Efetivamente o Porto Santo está imensamente conotado com a sua icónica praia (que é fantástica), mas na verdade a praia é apenas uma pequenina parte daquilo que o Porto Santo tem para oferecer, pois o património natural da ilha é muito rico e diversificado, sobretudo se considerarmos o quão pequena e mesma é.
Os inscritos no Porto Santo Nature Trail deverão contar com uma prova extremamente diversificada, no que diz respeito aos tipos de terreno/piso que vão encontrar, que vão desde o início na praia, passando por estradões de terra batida, prados, terreno pedregoso, cristas rochosas, e até zonas de floresta. As dimensões dos trilhos também são muito variáveis, podendo-se passar de vias amplas para single tracks muito rapidamente.
Outra ideia pré-concebida sobre o Porto Santo, é a de que é uma ilha relativamente plana, e na verdade não o é. Se na zona costeira da vertente sul da ilha o relevo é essencialmente baixo, no interior e norte da ilha, existem zonas com declives acentuados, e trilhos mais técnicos, que colocarão os atletas à prova, sobretudo no que diz respeito á sua gestão de esforço; mas tudo isto é compensado pelas arrebatadoras paisagens que vão surgindo e mudando constantemente à medida que os atletas vão evoluindo no percurso.
Com o que é que os atletas vão poder contar na 10.ª edição do Porto Santo Nature Trail e o que é que distingue o mesmo dos demais?
Os atletas presentes na 10ª edição do Porto Santo Nature Trail poderão contar com um percurso bonito, mas desafiante, que seguramente agradará a todos aqueles que nele se aventurarem, bem como o clima ameno e agradável que carateriza o Porto Santo.

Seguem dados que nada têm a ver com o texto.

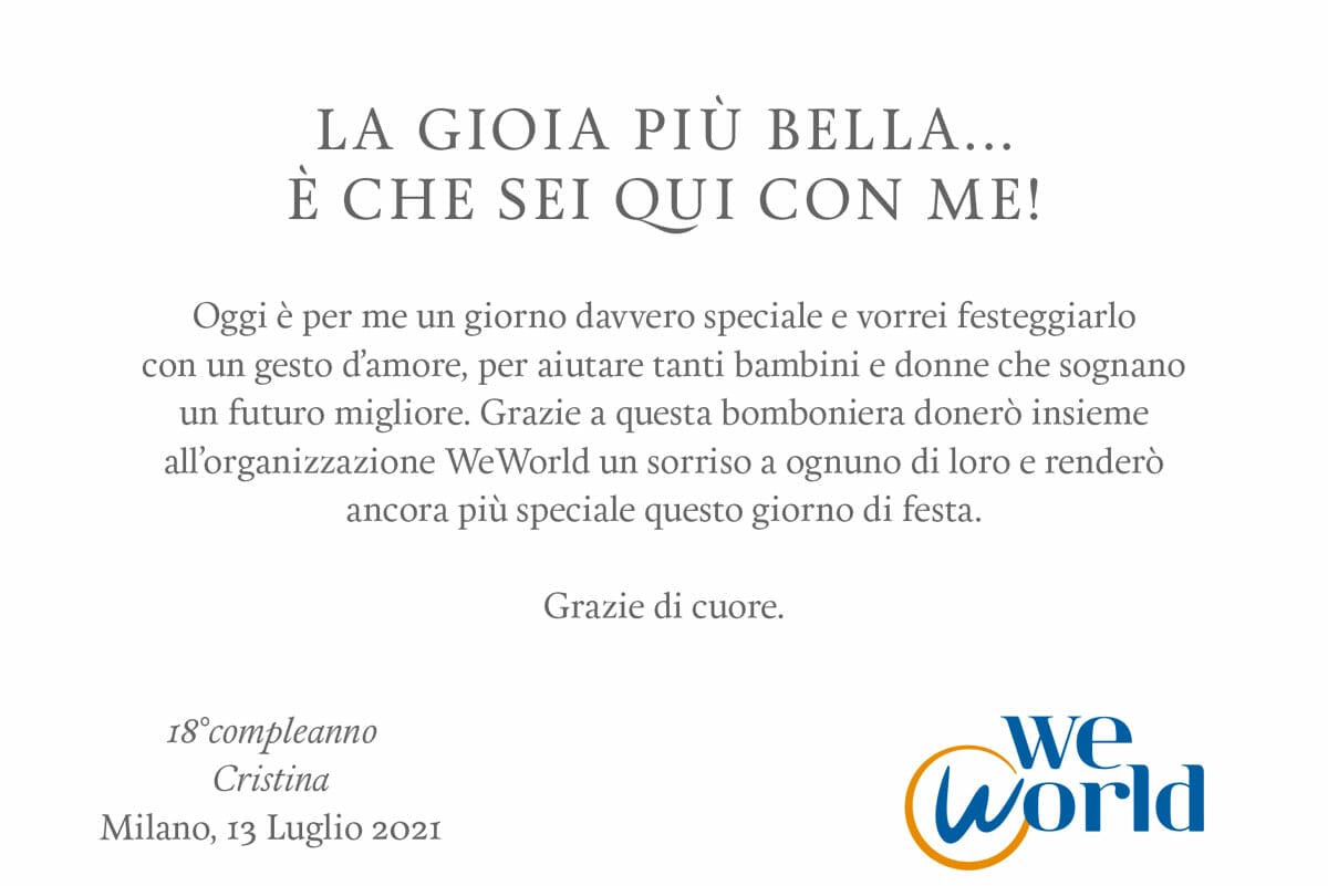 Festeggia il tuo evento speciale con questa pergamena. Lascerai un bellissimo ricordo ai tuoi invitati: il sorriso di bambini e donne in difficoltà che, grazie a questo gesto, avranno un futuro migliore.

Quanto ao que distingue esta prova das demais, só o facto de se realizar nesta magnífica ilha, já faz dela algo de completamente diferente de tudo o resto; mas alguns dos fatores que a diferenciam das demais, são por exemplo os primeiros 5km percorridos no areal da praia, e a meta a menos de 200 metros da mesma praia, que permite ao atleta um revigorante mergulho após concluir a sua prova. Os tipos de terreno e as paisagens sempre a mudar, quase a cada curva, também constituem uma das particularidades desta prova; mas temos ainda o facto de o percurso da prova de 45km atravessar um campo de golfe, e uma antiga pedreira onde se podem observar disjunções prismáticas perfeitas. No geral toda a envolvência da prova é particular e não deixará indiferente quem nela participar.Haverá alguma alteração no percurso comparativamente aos anos anteriores?
As principais alterações ao percurso foram já incluídas na edição do ano passado, com a retirada de algumas passagens em estrada, o prolongamento de percurso em algumas zonas, de forma a torná-lo mais cénico, e a principal alteração foi a inclusão da passagem pelo Pico Branco, que é o segundo mais alto da ilha com cerca de 450m de altitude, sendo um dos mais emblemáticos e talvez o mais bonito de todos os picos porto-santenses.

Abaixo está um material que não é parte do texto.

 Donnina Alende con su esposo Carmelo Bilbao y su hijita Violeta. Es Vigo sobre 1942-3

Apesar das alterações referidas acima, e de este ano não estarem previstas revisões de percurso, podem sempre existir alterações seja por impossibilidade de se passar em determinado local, devido a ocorrências naturais ou outros, ou por se encontrar eventualmente uma alternativa mais interessante em determinado ponto do percurso.
O que motivou a alteração de calendário?
A data do evento passa do primeiro fim de semana de Março, para o penúltimo de Maio, e isto deve-se ao facto de o evento ter crescido consideravelmente nos últimos anos, e com esse crescimento surgiu um problema de disponibilidade de alojamento, visto que algumas unidades hoteleiras encerram durante o Inverno/época baixa, reduzindo a oferta de alojamento disponível; a outra razão é o facto de querermos atrair atletas estrangeiros para o evento, e devido ao inverno mais rigoroso na maior parte da Europa (principal público alvo), os atletas não têm possibilidade de se preparar, e como tal não participam.Em quanto tempo se prevê que os primeiros atletas, das diferentes distâncias, possam concluir o percurso?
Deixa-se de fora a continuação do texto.